考虑 3 面，把 \(\prod k\) 扔到指数位置，有：

\[\large \prod_{i=1}^{a}\prod_{j=1}^{b}\prod_{k=1}^{c} i^{i\times j\times k} = \prod_{i=1}^{a}\prod_{j=1}^{b}i^{\left(i\times j\times \sum\limits_{k = 1}^{c} k\right)} \]

再把 \(\prod j\) 也扔到指数位置，引入 \(\operatorname{sum}(n) = \sum_{i=1}^{n} i = \frac{n(n+1)}{2}\)，原式等于：

\[\left(\prod_{i=1}^{a}i^i\right)^{\operatorname{sum}(b)\times \operatorname{sum}(c)} \]

预处理 \(i^i\) 的前缀积，复杂度 \(O(n\log n)\)。
指数可以 \(O(1)\) 算出，然后快速幂，单次时间复杂度 \(O(\log n)\)。

根据费马小定理，指数需要对 \(p - 1\) 取模。
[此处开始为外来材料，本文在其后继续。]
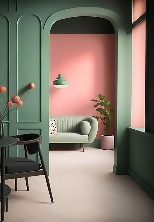 在室内空间中刷上同类色的薄荷色系为居室注入一股浅淡的温柔气息并与木色搭配,WOW!氧气感十足,国潮复古风,平和与时尚兼具,同时为空间增添自然原生态的氛围。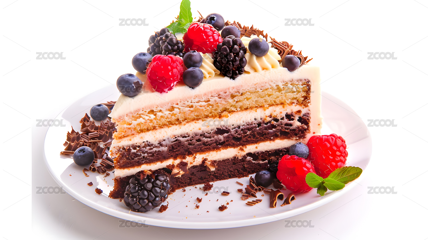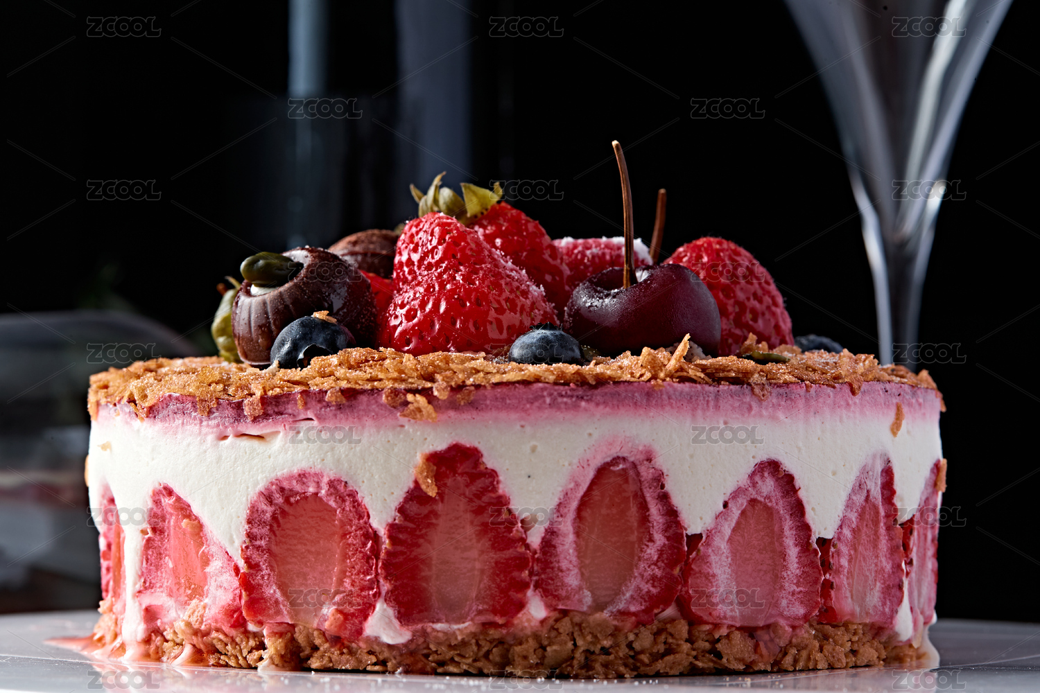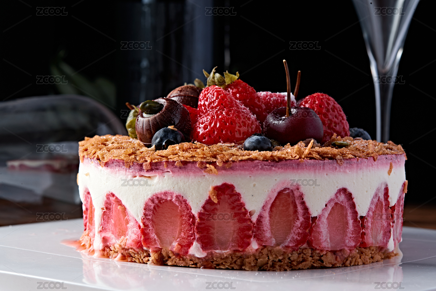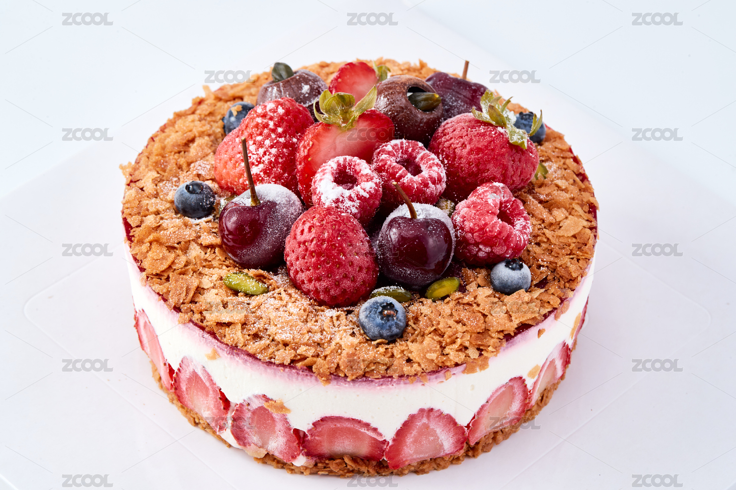 鲜水果点缀的鲜奶慕斯草莓烤坚果生日蛋糕

注意 \(p-1\) 不是质数，计算 \(\operatorname{sum}\) 时不能用逆元，但乘不爆 LL，直接算就行。

---

再考虑 4 面，发现 \(k\) 与 \(\gcd\) 无关，则同样把 \(\prod k\) 扔到指数位置，则有：

\[\large \begin{aligned} &\prod_{i=1}^{a}\prod_{j=1}^{b}\prod_{k=1}^{c} \gcd(i,j)^{i\times j\times k}\\ =& \left(\prod_{i=1}^a\prod_{j=1}^b\gcd(i,j)^{i\times j}\right)^{\operatorname{sum}(c)} \end{aligned}\]

套路地枚举 \(\gcd\)，原式等于：

\[\large \left(\prod_{d=1}d^{\left(\sum\limits_{i=1}^a \sum\limits_{j=1}^b i\times j[\gcd(i,j)=d]\right)}\right)^{\operatorname{sum}(c)} \]

大力化简指数，有：

\[\large \begin{aligned} &\sum\limits_{i=1}^a \sum\limits_{j=1}^b i\times j[\gcd(i,j)=d]\\ =& d^2 \sum\limits_{i=1}^{\left\lfloor\frac{a}{d}\right\rfloor} \sum\limits_{j=1}^{\left\lfloor\frac{b}{d}\right\rfloor} i\times j[\gcd(i,j)=1\\ =& d^2 \sum\limits_{i=1}^{\left\lfloor\frac{a}{d}\right\rfloor} i \sum\limits_{j=1}^{\left\lfloor\frac{b}{d}\right\rfloor} j\sum\limits_{t|\gcd(i,j)}\mu(t)\\ =& d^2 \sum\limits_{i=1}^{\left\lfloor\frac{a}{d}\right\rfloor} i \sum\limits_{j=1}^{\left\lfloor\frac{b}{d}\right\rfloor} j\sum\limits_{k|\gcd(i,j)}\mu(k)\\ =& d^2 \sum\limits_{k=1}\mu(k)\sum\limits_{i=1}^{\left\lfloor\frac{a}{d}\right\rfloor} i[k|i] \sum\limits_{j=1}^{\left\lfloor\frac{b}{d}\right\rfloor} j[k|j]\\ =& d^2 \sum\limits_{k=1}k^2\mu(k)\sum\limits_{i=1}^{\left\lfloor\frac{a}{kd}\right\rfloor} i\sum\limits_{j=1}^{\left\lfloor\frac{b}{kd}\right\rfloor} j\\ =& d^2\sum\limits_{k=1}k^2\mu(k)\operatorname{sum}{\left(\left\lfloor\frac{a}{kd}\right\rfloor\right)} \operatorname{sum}{\left(\left\lfloor\frac{b}{kd}\right\rfloor\right)}\\ \end{aligned}\]

指数化不动了，代回原式，原式等于：

\[\large \left(\prod_{d=1}d^{\left(d^2\sum\limits_{k=1}k^2\mu(k)\operatorname{sum}{\left(\left\lfloor\frac{a}{kd}\right\rfloor\right)} \operatorname{sum}{\left(\left\lfloor\frac{b}{kd}\right\rfloor\right)}\right)}\right)^{\operatorname{sum}(c)} \]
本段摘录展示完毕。